Proustien et dans le déni, Shamanic nouveau  est une œuvre conjointe. Cette installation trouve son origine dans un dialogue entre Liv Schulman et Andrés Aizcovich, maintenu à distance par le canal de whatsapp depuis 2015, Liv vivant en France et Andrés à Buenos Aires.

Tous deux alimentent ainsi une longue conversation dans laquelle ils commentent leur état quotidien en formulant des questions-réponses en forme de binômes d’adjectifs. L’un demande : “Comment te sens-tu aujourd’hui, protocolaire et presbytérien ou proustien et dans le déni?” L’autre répond selon ce même principe.

Ainsi se compose une avalanche de termes associés deux par deux. Chaque association nouvelle de mots crée un nouveau concept inédit. Chaque mot donne de la puissance à l’autre. Ce jeu a donné lieu à une longue liste, avec laquelle ils ressentent l’envie de composer un livre.
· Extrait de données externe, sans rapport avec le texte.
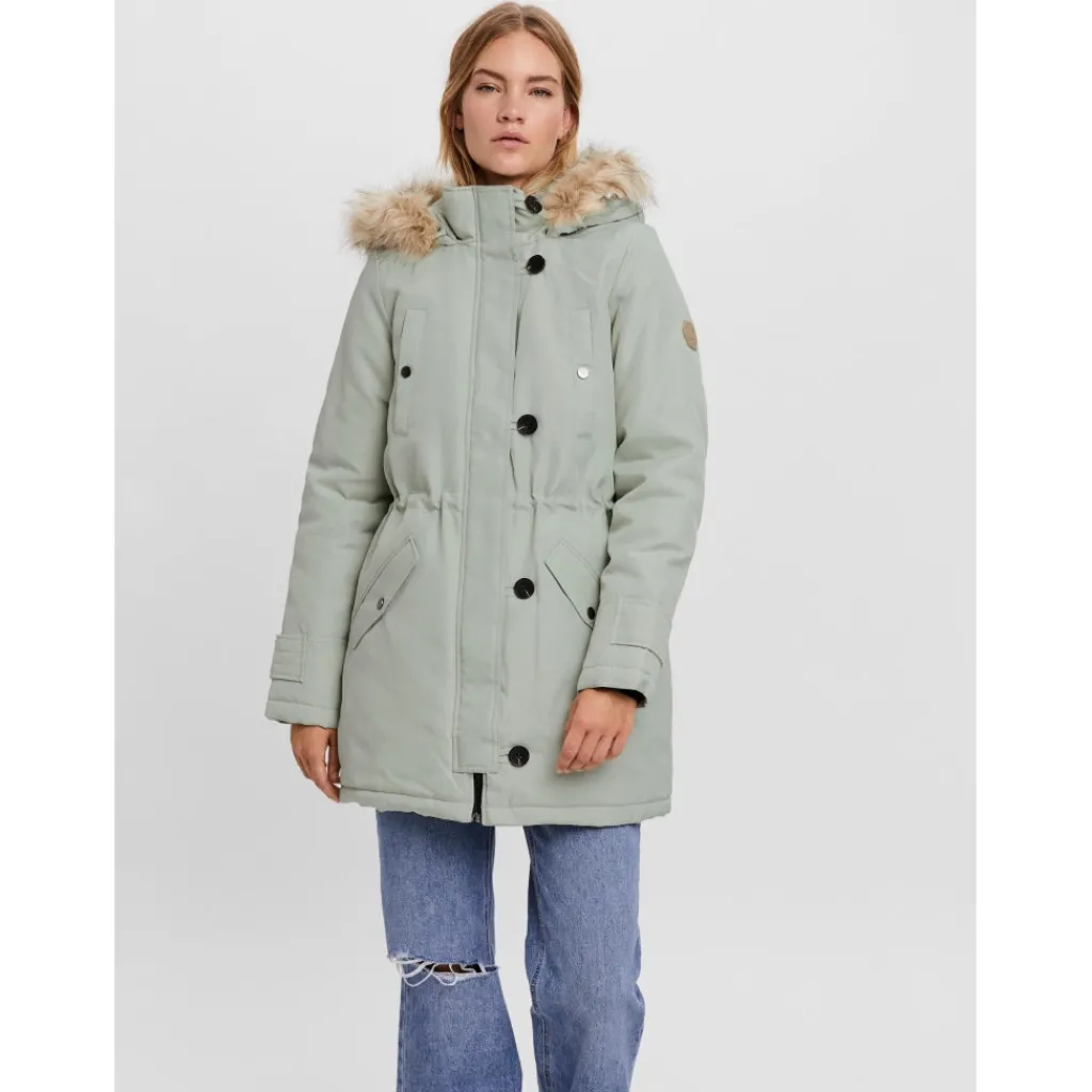 Smart parka vinterjakke fra Vero Moda med hætte og aftagelig fake pels. Jakken har lommer ved brystet, samt snørre ved livet.

Ici, ils ont choisi de travailler sur l’oralité en introduisant dans l’œuvre, la temporalité du parler en face à face. La création de personnages parlants s’est naturellement imposée à eux afin de matérialiser ce dialogue. Les personnages empruntent le dispositif du ventriloque. Un pantin parle grâce à leur voix. C’est une version transformée d’eux mêmes qui est habitée par leur vrai dialogue. L’interphase électronique remplace le savoir-faire du ventriloque. Dans ce talk show, installé dans une espèce de set de tournage, les personnages reproduisent les textes surgis de la conversation par binômes installée entre les deux artistes. Ils expriment de façon orale le ridicule de la condition humaine, les équivalences émotionnelles, les états d’auto-humiliation. Par ce jeu, les auteurs se dupliquent en personnages qui pourraient, à leur tour, avoir un pantin à échelle réduite à qui donner leur voix. Un casse-tête chinois….

Ce n’est pas la première fois que Liv et Andrés se confrontent aux mots. Tous deux sont au comité de rédaction de «El flasherito», un fanzine grand format à la parution régulière écrit par des artistes (ils aiment dire que c’est le seul journal papier de ce format existant encore aujourd’hui en Argentine). Liv fait des films scénarisés avec des longs dialogues et monologues. Ses personnages, dans un essai teinté d’absurdité, explorent des concepts en rapport avec le contrôle et le pouvoir. Ils empruntent des méthodes et des termes à la psycho-analyse et au discours philosophique. Liv a publié deux livres tirés des dialogues de ses films : «El camino del control» y «El metodo Kovensky». Andrés travaille sur les différentes formes de la communication, à travers des dispositifs qui deviennent parfois le support de performances collaboratives.

Dans les spectacles de ventriloque, la voix déformée du pantin permet de dire des choses impossibles à dire avec la voix normale de son manipulateur. Le shamanisme se sert aussi de voix transformées, d’un corps animé par un autre esprit, afin d’exprimer des choses qui sont de l’ordre d’une autre réalité.

Liv et Andrés nous invitent à écouter en tant que spectateur des concepts autres. Ils doivent nécessairement être dits a partir d’un intermédiaire qui se présente dans sa «bizarrerie» (dans la signification d’étrange, de surprenant) mais qui se révèle être apte a exprimer ce dont on a besoin pour appréhender le monde différemment.